_Task objective_
Output every record exactly, apart from its images.
*** Begin section ***
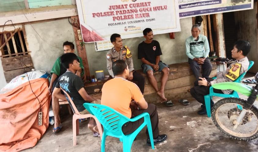 Kaur - Guna menampung keluhan warga, Polsek Padang Guci Hulu Polres Kaur Polda Bengkulu kembali menggelar Jumat Curhat diwilayah hukum Polsek Tanjung Kemuning, Jumat (31/3/2023).
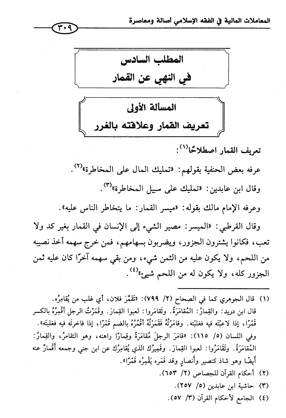 المسألة الأولى تعريف القمار وعلاقته بالغرر
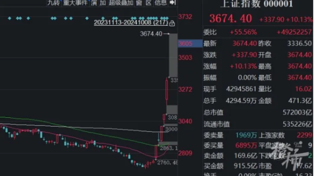 A股的大涨行情还在继续,上午9:25分开盘后,A股三大指数节后首日大幅高开,上证指数高开10.13%,深证成指高开12.67%,创业板指高开18.44%。北证50指数高开26.67%。证券、半导体、房地产板块批量涨停。
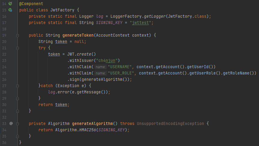 추가로 JWT 토큰을 발급하기 위한 Factory와 전달받은 JWT 토큰을 디코딩하고 검증하기 위한 Decoder 를 구현해야 한다. 그러면 차례대로 구현하며 자세한 부분을 설명하도록 한다.
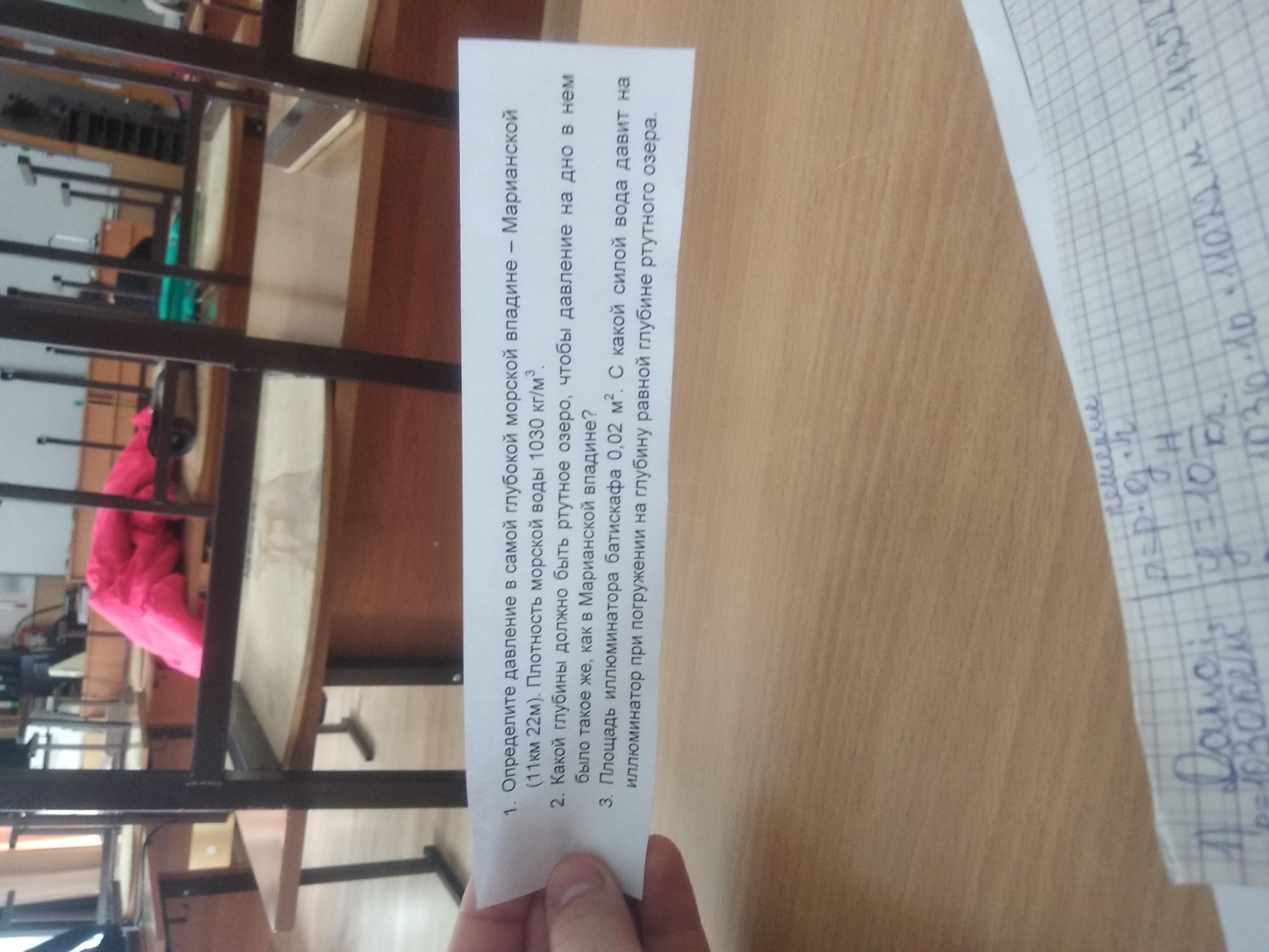 1) P=p*g*h=1030*10*11022=113,5*10^6 Па 2) h=P/p*g=113,5*10^6/136*10^3=830 м 3) F=p*g*h*S=1000*10*830*0,02=166*10^3 H
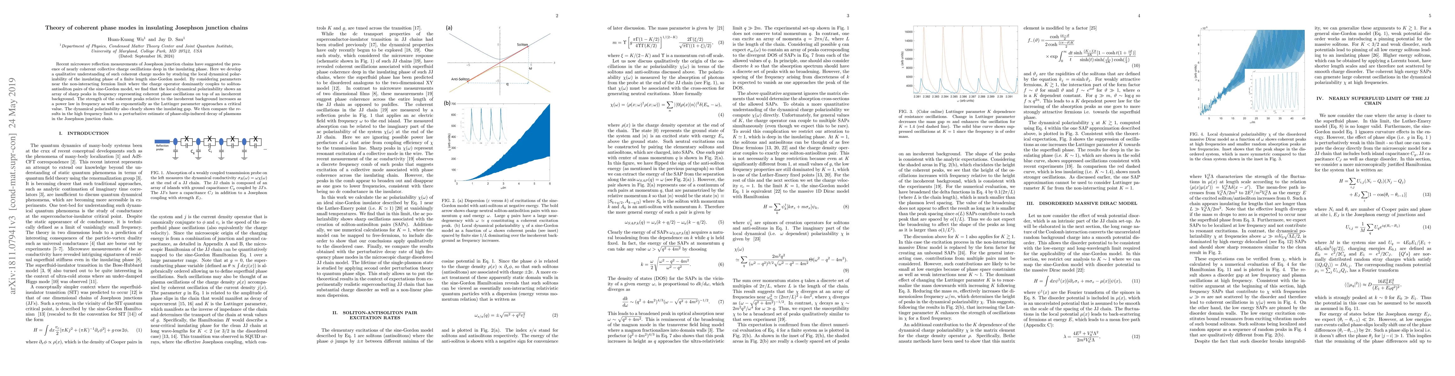 This paper explores the coherent charge oscillations in insulating Josephson junction arrays through the study of the local dynamical conductivity in the sine-Gordon model. It finds sharp peaks in frequency representing coherent phase oscillations, with their strength increasing as the Luttinger parameter approaches a critical value.
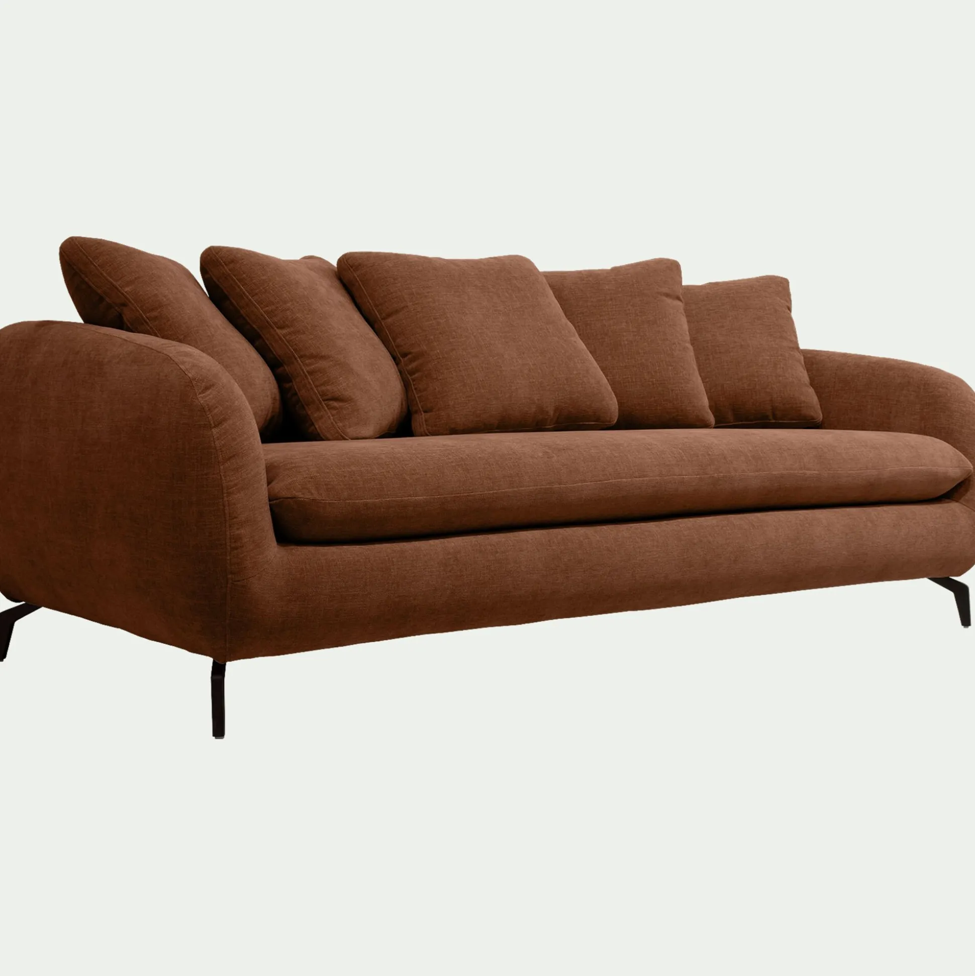 Un joli canapé fixe en tissu pour profiter agréablement de votre salon. Un look contemporain et accueillant, sublimé par un piétement original en acier noir. Vous apprécierez la forme du dossier et des accoudoirs qui vous offrent un maintien optimal de votre dos pour un confort d’assise exceptionnel. Un canapé fabriqué en France, dans des ateliers proches de la ville de Bourge, qui incarne l’excellence du savoir-faire français. Un coloris brun rustrel qui apporte une note lumineuse et chaleureuse à votre décoration de salon.
*** End section ***
_Result of this task_
 Kaur - Guna menampung keluhan warga, Polsek Padang Guci Hulu Polres Kaur Polda Bengkulu kembali menggelar Jumat Curhat diwilayah hukum Polsek Tanjung Kemuning, Jumat (31/3/2023).
 المسألة الأولى تعريف القمار وعلاقته بالغرر
 A股的大涨行情还在继续,上午9:25分开盘后,A股三大指数节后首日大幅高开,上证指数高开10.13%,深证成指高开12.67%,创业板指高开18.44%。北证50指数高开26.67%。证券、半导体、房地产板块批量涨停。
 추가로 JWT 토큰을 발급하기 위한 Factory와 전달받은 JWT 토큰을 디코딩하고 검증하기 위한 Decoder 를 구현해야 한다. 그러면 차례대로 구현하며 자세한 부분을 설명하도록 한다.
 1) P=p*g*h=1030*10*11022=113,5*10^6 Па 2) h=P/p*g=113,5*10^6/136*10^3=830 м 3) F=p*g*h*S=1000*10*830*0,02=166*10^3 H
 This paper explores the coherent charge oscillations in insulating Josephson junction arrays through the study of the local dynamical conductivity in the sine-Gordon model. It finds sharp peaks in frequency representing coherent phase oscillations, with their strength increasing as the Luttinger parameter approaches a critical value.
 Un joli canapé fixe en tissu pour profiter agréablement de votre salon. Un look contemporain et accueillant, sublimé par un piétement original en acier noir. Vous apprécierez la forme du dossier et des accoudoirs qui vous offrent un maintien optimal de votre dos pour un confort d’assise exceptionnel. Un canapé fabriqué en France, dans des ateliers proches de la ville de Bourge, qui incarne l’excellence du savoir-faire français. Un coloris brun rustrel qui apporte une note lumineuse et chaleureuse à votre décoration de salon.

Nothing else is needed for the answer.